Putting together a punk band, writing songs, recording an album, securing a label and heading out on tour all before turning 20 is difficult enough, but the Giles sisters of Dog Party—17-year-old Lucy and 19-year-old Gwendolyn—are already veterans. This month they are releasing their fourth album—a joint project for Asian Man Records and Burger Records, as they head out on a six-state Western tour.
A band since 2007, Dog Party has their pop-punk sound dialed in, with tight harmonies and sing-along melodies delivered alongside heavy, fuzzy guitar and big, booming drums.
Vol. 4 follows Lost Control, Dog Party’s first for Asian Man, which melded riot grrl attitude and the vibe of Lookout Records bands with catchy vocals from both sisters.
“For this album, we wanted to keep the punk element of Lost Control, not change that too much. But we took the things that we didn’t like about Lost Control and we fixed them,” Gwen says. “We also noticed there are certain types of songs that we like and our audience likes that we tried to include. And Lucy and I both love harmonies, so the more we write with those it makes things fun. Vol. 4 has a lot more harmonies than the previous records for sure.”
The Sacramento duo was raised on music and built their sound from the indie rock and alternative of their parents, bands like White Stripes, with the punk they discovered in fellow California bands.
“We’ve always loved music a ton, our parents have always loved music. It was always playing the house. It was a marvel for us,” Gwen says. “We just kind of morphed everything we listened to into our own sound. When we first started, we hadn’t been playing our instruments very well so we didn’t start playing cover songs because we didn’t know how to. We wrote music and just made our own sound.”
The sisters self-released their first project, a self-titled EP, in 2009. The songs revolved around their concerns at the time, like “U Doubt Me,” written when they were angry their parents wouldn’t let them get a pet rat. But it’s delivered with a defiant chorus of “I chase, chase, chase my dreams” that defied the girls’ age.
Now, the songs have a different focus, particularly relationships, like the fist-pumping first single, “Peanut Butter Dream.”

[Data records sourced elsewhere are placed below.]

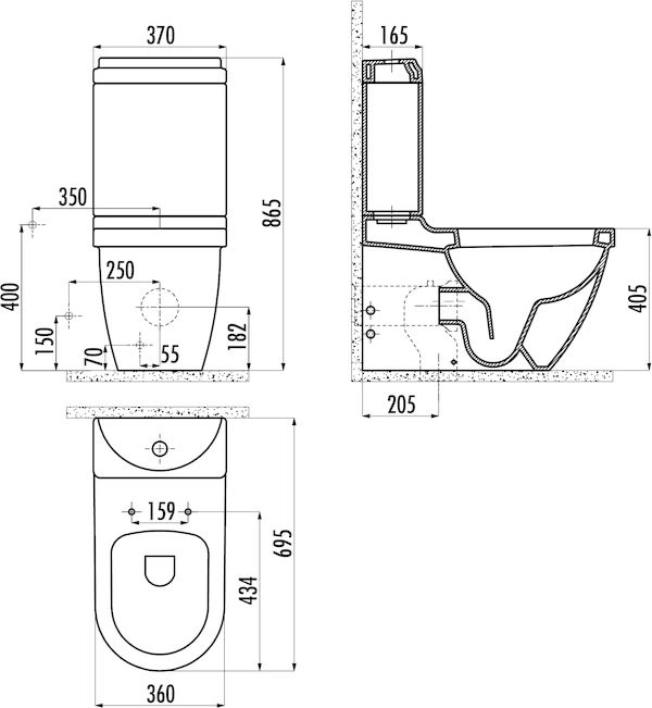 - Регулируемая кнопка смыва (3/6 литров) позволяет гибко контролировать водопотребление.
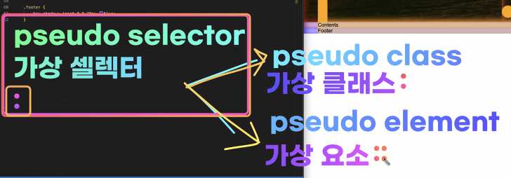가상셀렉터 가 두개로 분리되는데 1,가상클래스,2.가상요소 두가지로 나뉘어지는데
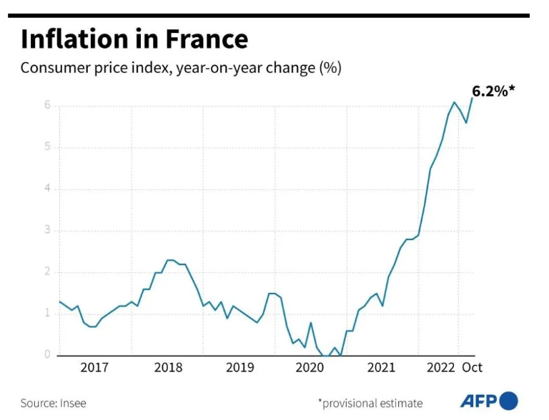 图源:2017到2022年法国的通货膨胀情况。(法新社图)
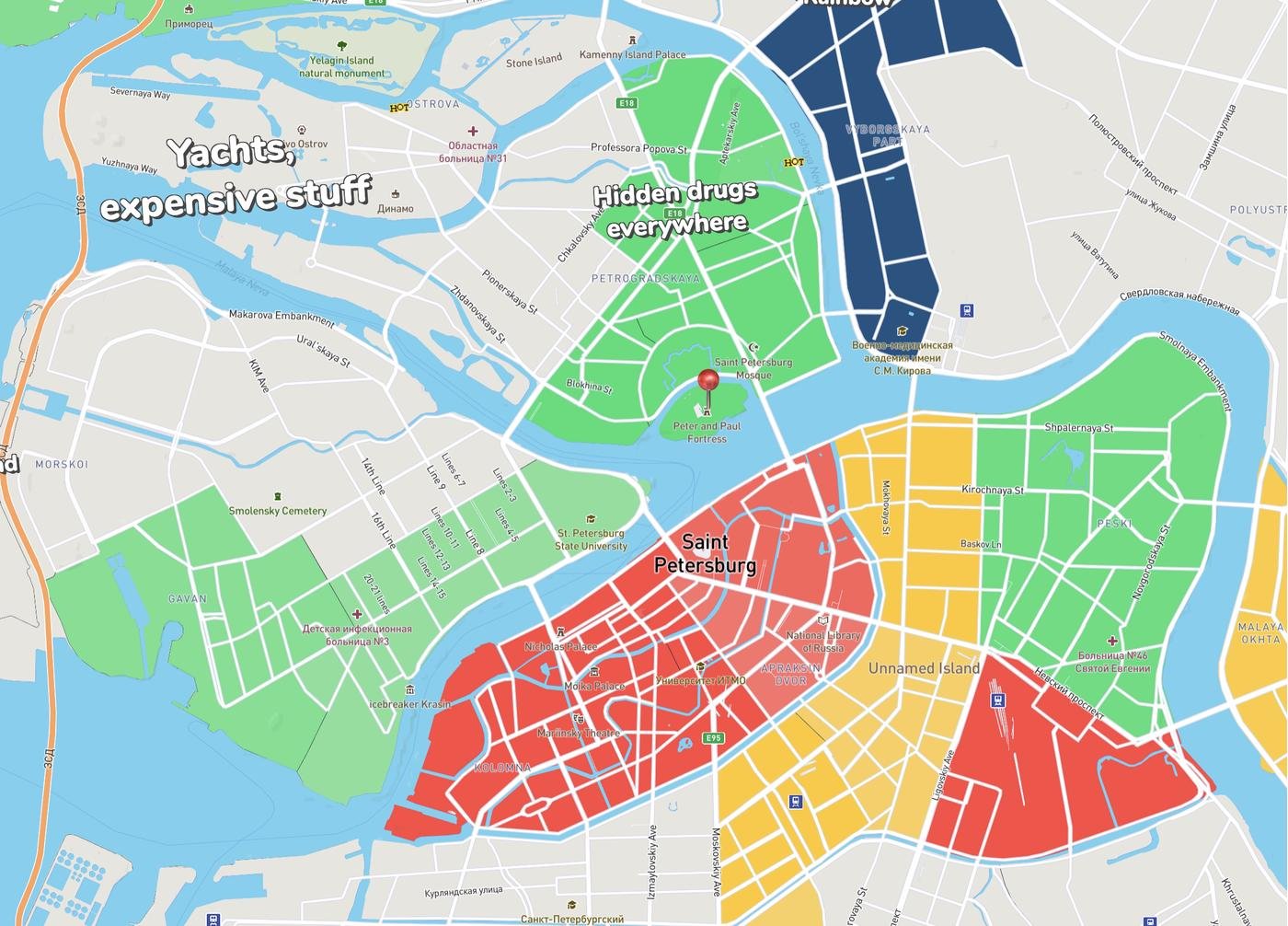 На HoodMaps есть карта, довольно информативная – лучше смотреть на районы там, не все теги хорошо поместились на этот скриншот.

“There’s a large difference between being eight years old and being 16 in terms of what goes on in our minds. The priorities are different,” Lucy says. “Our songs are better just growing through school and learning to be a bit more clever with writing techniques.”
The sisters started recording Vol. 4 before Gwen left for her first semester of college, shaping the album from songs they’d tested live on their last tour.
“Most of the album was finished before we started touring the summer before. We’d work them out during live shows, try to get them tour tight,” Gwen says.
Dog Party recorded Vol. 4 with producer Chris Woodhouse (Devandra Banhart, FM Knives, A-Frames) at the Dock in Sacramento. Woodhouse and the band also collaborated on Lost Control and the familiarity allowed them to zero in on new goals. Recording to two-inch tape, Dog Party went for a bigger, punchier sound, capitalizing on their growing confidence.
“In the studio we wanted our sound to be bigger, so we added our favorite fuzz pedal and it really thickened up our sound. We were also aiming for a louder drum tone and we achieved that,” Lucy says On stage, Dog Party features Lucy on drums and Gwen on guitar, with both sisters sharing lead vocals.
Leading off Vol. 4 is “Dead Guy,” which combines the frenetic punk of The Buzzcocks with vocals inspired by girl groups like The Ronettes. Next, the aforementioned “Peanut Butter Dream” is an opposites-attract type of relationship song Gwen wrote.
“My boyfriend is completely different from me. He let’s me see things in other ways and the song is about seeing things through new eyes and just being happy,” she says.
A cover of “I Can’t Believe That You’re Real” by fellow Sacramento band Agent Ribbons finds Dog Party amping up a catchy pop tune, holding onto the melodic core while surrounding their vocals in distorted guitar and thumping drums.
“On ‘Sapphires,’ that one is one of the only songs I do more yelling style in part of the song. Usually Lucy sings like that more often, so it was very different for me. It’s weird because I feel like when I’m yelling it captures more emotion than singing,” Gwen says.
The release of Vol. 4 marks the first time since the fall that Dog Party get to play together again on a daily basis.
“We used to just practice when we’re at home, so after I went to school, we had to rely on shows,” Gwen says. “Whenever we’re off we try to hit the road. I tried to get Fridays off to make it easier to do weekend shows. During my spring break, we were able to tour some, but it wasn’t Lucy’s spring break, so we took her out of school for a week.”
Shows like that could get nerve-racking, Lucy says, but being sisters makes it that much easier to communicate on stage.
“We have a really good working relationship with each other. We’ve been doing this for eight, nine years,” she says. “If we were to add someone else it would probably get weird. We just like the two of us and the fact that we’re sisters makes it pretty equal.”